Ecuador breached its obligations under a 1995 settlement agreement that released Chevron subsidiary Texaco Petroleum Co. (TexPet) and its affiliates from the same public environmental claims on which the $9.5-billion Ecuadorian judgment was exclusively based, the Sept. 9 decision said.

In a ruling nearly 5 years earlier, the same tribunal said agreements Ecuador’s government signed in 1995 and 1998 released TexPet from environmental liability for land on which it once produced oil (OGJ Online, Sept. 18, 2013). That ruling upheld an important claim Chevron made in its years-long defense against a lawsuit claiming billions of dollars for environmental damage.

In its latest decision, the tribunal found that TexPet “spent approximately $40 million in environmental remediation and community development under the 1995 settlement agreement” carried out by a “well-known engineering firm specializing in environmental remediation” and that Ecuador in 1998 executed a final release agreement “certifying that TexPet had performed all of its obligations under the 1995 settlement agreement.”

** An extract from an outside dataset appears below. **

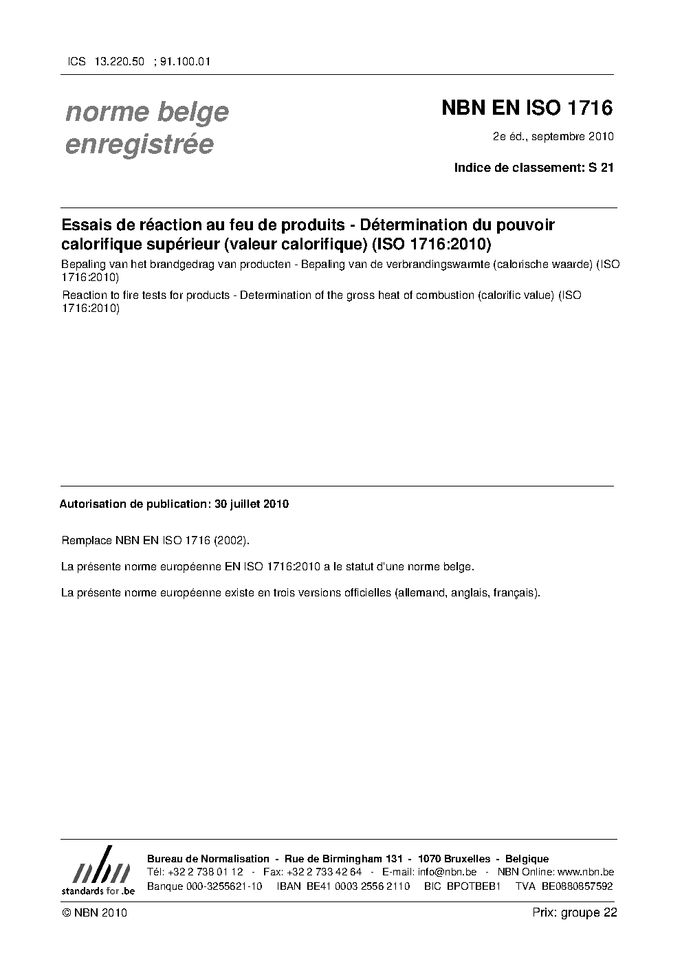 | Publisher | Bureau de Normalisation Belge (NBN) |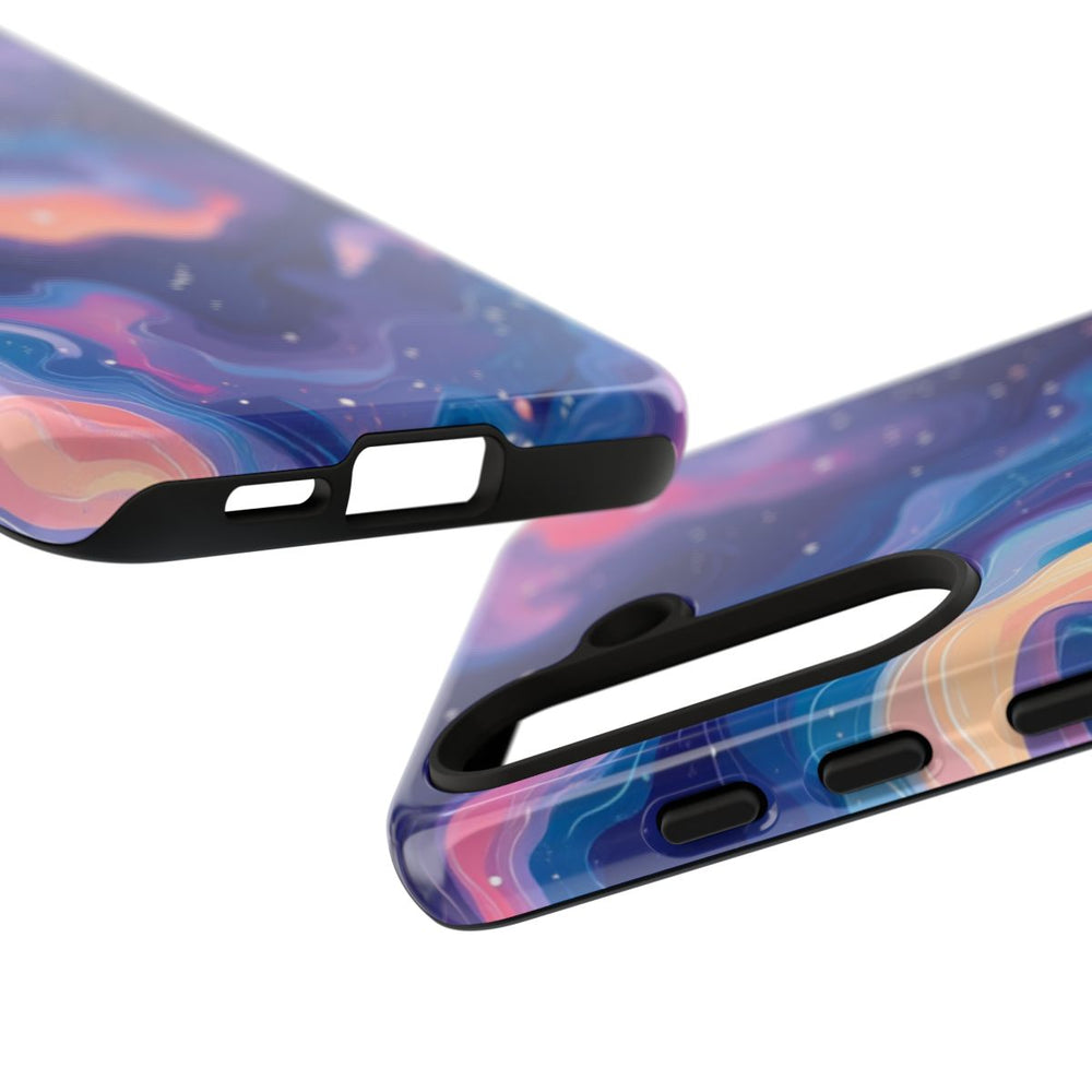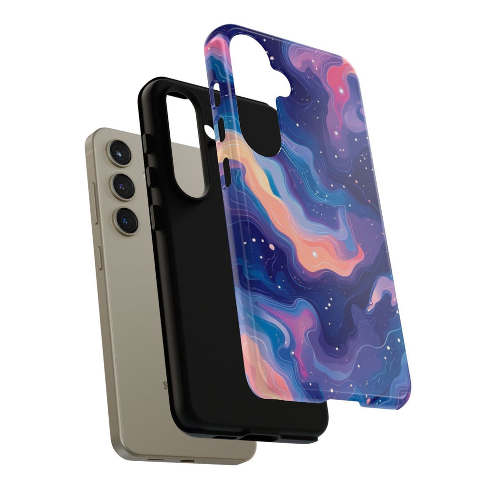Dit ontwerp heeft een abstract kosmisch patroon met wervelende vormen in levendige pastelkleuren, zoals blauw, paars, roze en perzik. De achtergrond is diep donkerblauw en bezaaid met kleine witte stippen die op sterren lijken, wat zorgt voor een dromerig, ruimtelijk effect. Het patroon is vloeiend en dynamisch, met gelaagde contouren die diepte en beweging toevoegen. Dit glanzende, stevige hoesje is gemaakt van een dubbele laag met een polycarbonaat buitenkant en TPU-binnenzijde, voor duurzaamheid en bescherming. Ondersteunt draadloos opladen.

The tribunal found “no cogent evidence” supporting Ecuador’s claim that TexPet failed to comply with the terms of the remediation plan approved by the government. To the contrary, the award recites sworn testimony of Ecuadorian officials that TexPet’s “technical work and environmental work was done well,” while Ecuador’s national oil company “during more than 3 decades, had done absolutely nothing” to address its own environmental remediation obligations in the area, even though Ecuador and its national oil company received 97.3% of the project’s oil production revenues.

“An esteemed international tribunal, including an arbitrator appointed by Ecuador, has unanimously confirmed that, following completion of an agreed environmental remediation program, Chevron was released by the Republic of Ecuador from the environmental claims that the fraudulent Ecuadorian judgment purports to address,” R. Hewitt Pate, Chevron vice-president and general counsel, said on Sept. 9.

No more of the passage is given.